By Saurabh Sharma
LUCKNOW, India (Reuters) – Police in northern India have arrested 10 men for allegedly compelling women to change their religion after getting married, using a new anti-conversion law popularly called the “Love Jihad” law, officials said on Monday.
Last month, Uttar Pradesh state became the first Indian province to pass a law against forced or fraudulent religious conversions, laying out prison terms for anyone compelling others to convert their faith or luring them into these conversions through marriage.
The anti-conversion law does not name any religion but critics call it Islamophobic for being solely imposed with the objective of preventing “Love Jihad”, which hardline Hindu groups describe as a conspiracy to convert gullible Hindu women to Islam by misleading them with promises of love and marriage.
Officials in Uttar Pradesh, the country’s most populous state, said the law will help prevent fraudulent religious conversions and was designed to protect young women.
The federal government and the Uttar Pradesh government are both controlled by the Hindu nationalist Bharatiya Janata Party.
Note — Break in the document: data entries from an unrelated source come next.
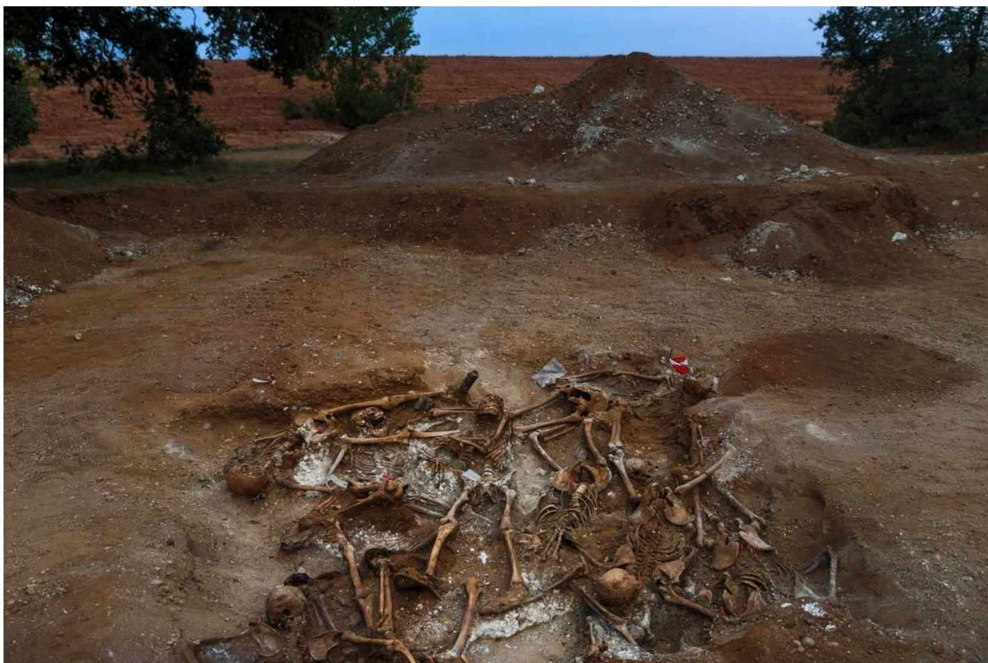
Массовые захоронения времен генерала Франко.

Второй акт может закончиться тремя способами. Если новый нарратив побеждает — процесс переходит к кульминации. Если терпит поражение — возвращается к прологу. Если силы равны — возникает ситуация «противоречивых нарративов», когда в обществе параллельно существуют несовместимые версии истории.
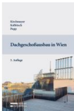
Dachgeschoßausbau in Wien Ladenpreis: 79,00EUR
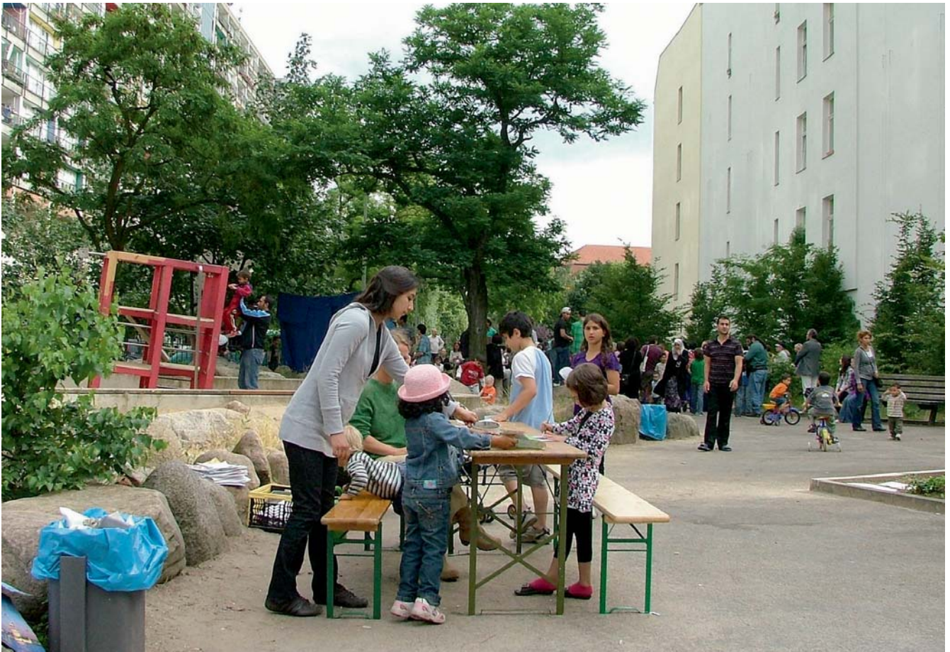
2009 · Kunst und Poesie im PallasPark

2009 wurde von einem Verein aus engagierten Bewohnerinnen und Bewohnern des Schöneberger Nordens organisiert, von denen einige auch als Quartiersräte aktiv sind. Der Verein will den Pallas-Park weiterentwickeln zum Interkulturellen Garten der Künste .
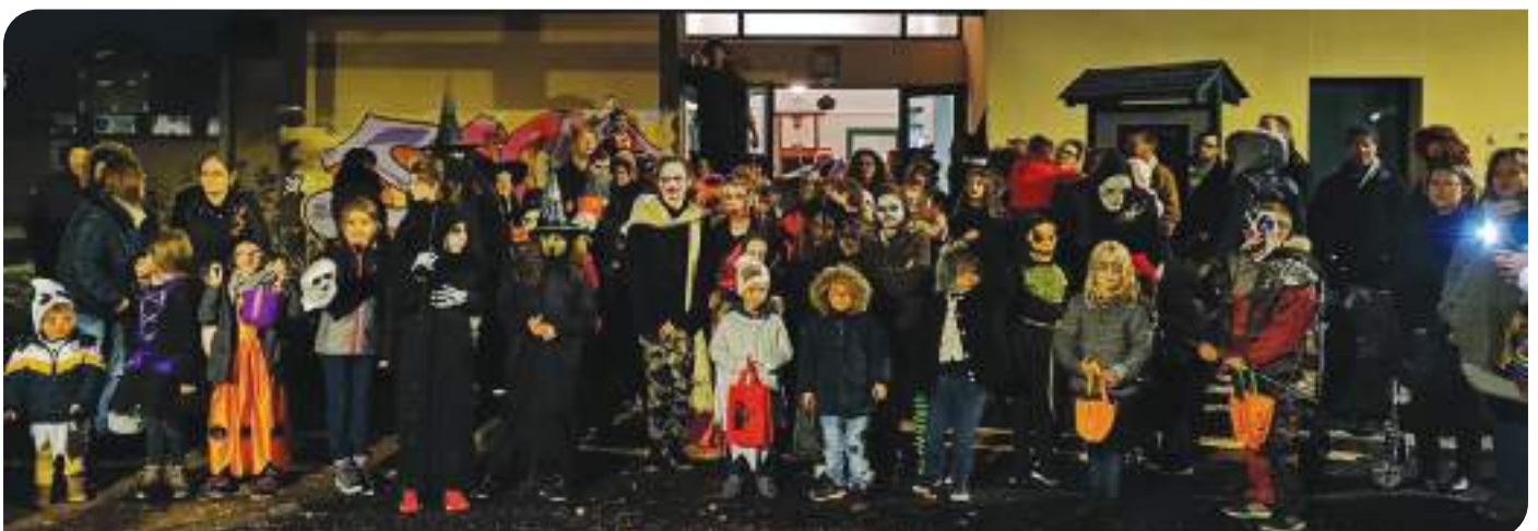
Nouveau succès pour Halloween, Chasse aux bonbons réussie, Festival en augmentation. Tous les ingrédients sont réunis pour une bonne édition 2019 !
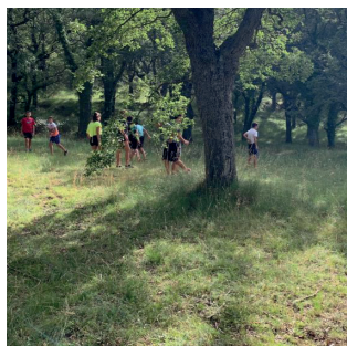
El bosc mediterrani en el Paratge Natural Municipal de El Rivet El bosque mediterráneo en el Paraje Natural Municipal de El Rivet
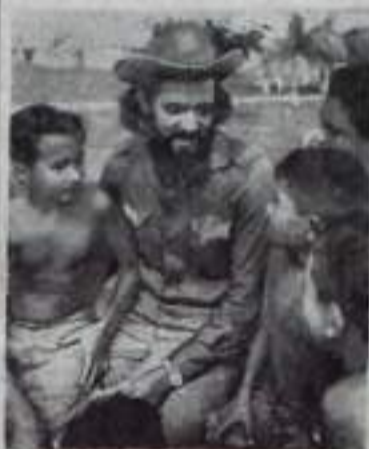
РЕСПУБЛИКА КУБА. Школьный учитель в деревне Каней (Сьерра-Маэстра). Есть о чем рассказать ученикам сражавшемуся в горах смелому бойцу-партизану.
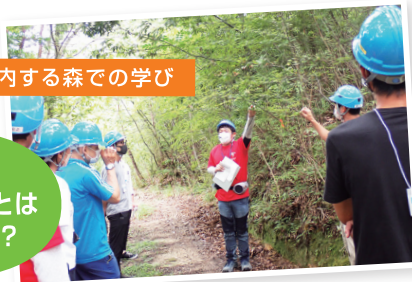
学生が案内する森での学び
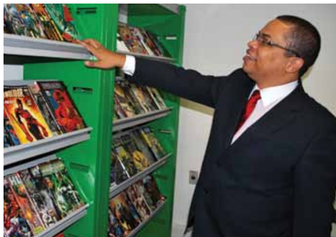
O administrador exhibe sua coleção de gibis.

Adoro ler! Pra ser sincero coleciono gibis (risos). Sei que parece infantil, mas eu adoro. Tenho mais de 2.000 exemplares em casa.
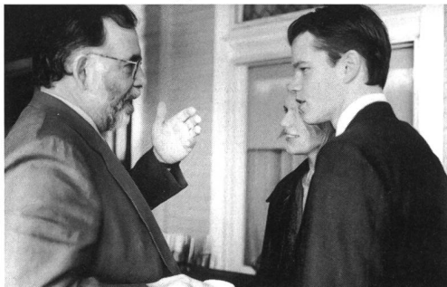
Francis Ford Coppola (mit Matt Damon und Claire Danes) bei der Verfilmung von John Grisham's «The Rainmaker»

Ein Bestseller ist ein möglicher Garant für einen erfolgreichen Film. Immer öfter setzt Hollywood auf King, Crichton, Grisham und Konsorten. Doch nicht nur in den USA erkennt man die geldvermehrnde Kraft der Bestseller. So kauf-
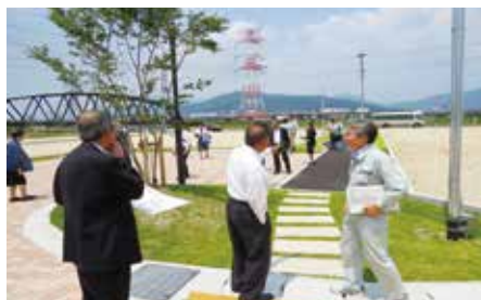
【筑紫、下見（市道路線、字の区域の変更確認）】

市道路線の認定及び字の区域の変更について執行部より説明を受け、現地にて確認を行いました。現場では委員から活発に質疑が行われました。また平成30年7月豪雨災害復旧箇所の現地確認を行いました。道路や河川などの公共土木施設災害は約9割、農地・農業施設災害等は約4割の
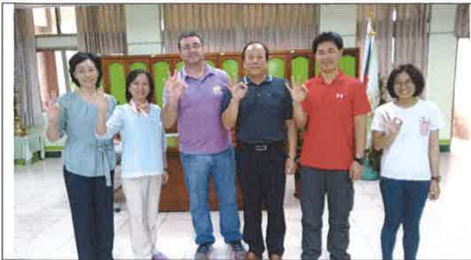
1080418 和興外師訪視合影
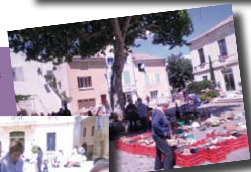
Vide grenier du Sou des Ecoles
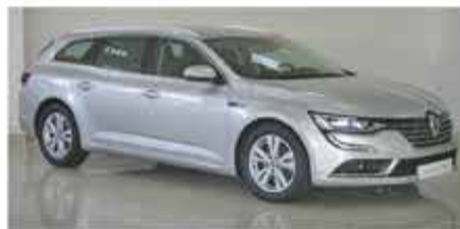
Talisman 1.6dci Itens 130CV EDC 2017 - 25990€
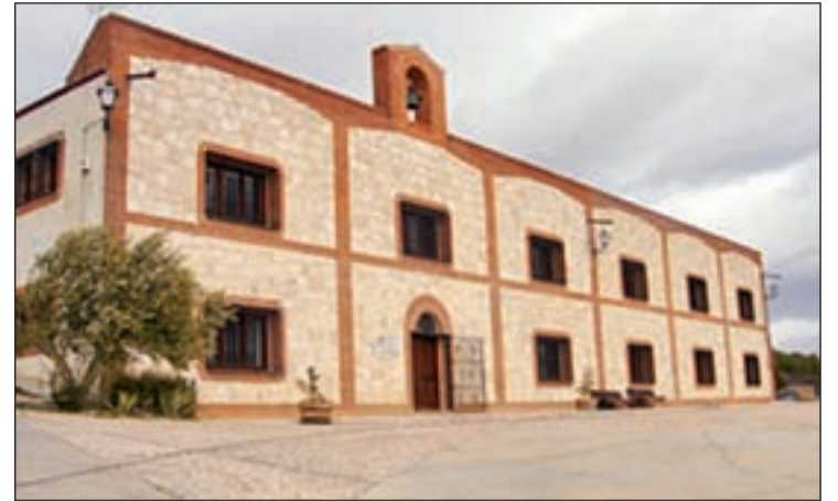
Bodega Matarromera, en el corazón de la Ribera del Duero

En la actualidad este bello conjunto gótico de finales del siglo XV está habitado por una veintena de monjes pertenecientes a la orden religiosa de la Cartuja que pasan sus días en el mausoleo.
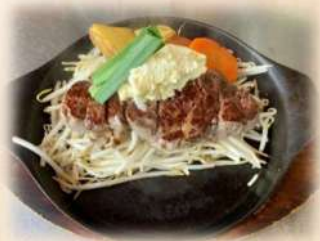
サーロインステーキ 150g
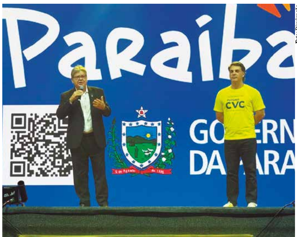
Governador da Paraíba destacou os investimentos no setor do turismo, do Litoral ao Sertão

“Nós temos feito investimentos em turismo na Paraíba, do Sertão ao Litoral. Vamos assinar mais um resort para o Polo Turístico Cabo Branco na próxima semana e mais outro em março, porque a iniciativa privada entendeu que o nosso estado oferece um ambiente propício para se investir em turismo, e eu agradeço à CVC pela homenagem

Four senior police officials said 10 men were arrested last week from different parts of Uttar Pradesh based on separate criminal complaints lodged by parents who alleged their daughters were abducted by Muslim men.
“We are using the new law to only arrest those men where we have proof to show it is a clear case of forced religious conversion,” said one police official, speaking on conditions of anonymity as he was not authorised to brief the press.
Under the new law, a man and woman belonging to different religions will have to give two months’ notice to the district magistrate before they get married and they will be given permission if there are no objections.
At least four other Indian states – Madhya Pradesh, Haryana, Karnataka and Assam have said that they are planning to bring in similar anti-conversion laws.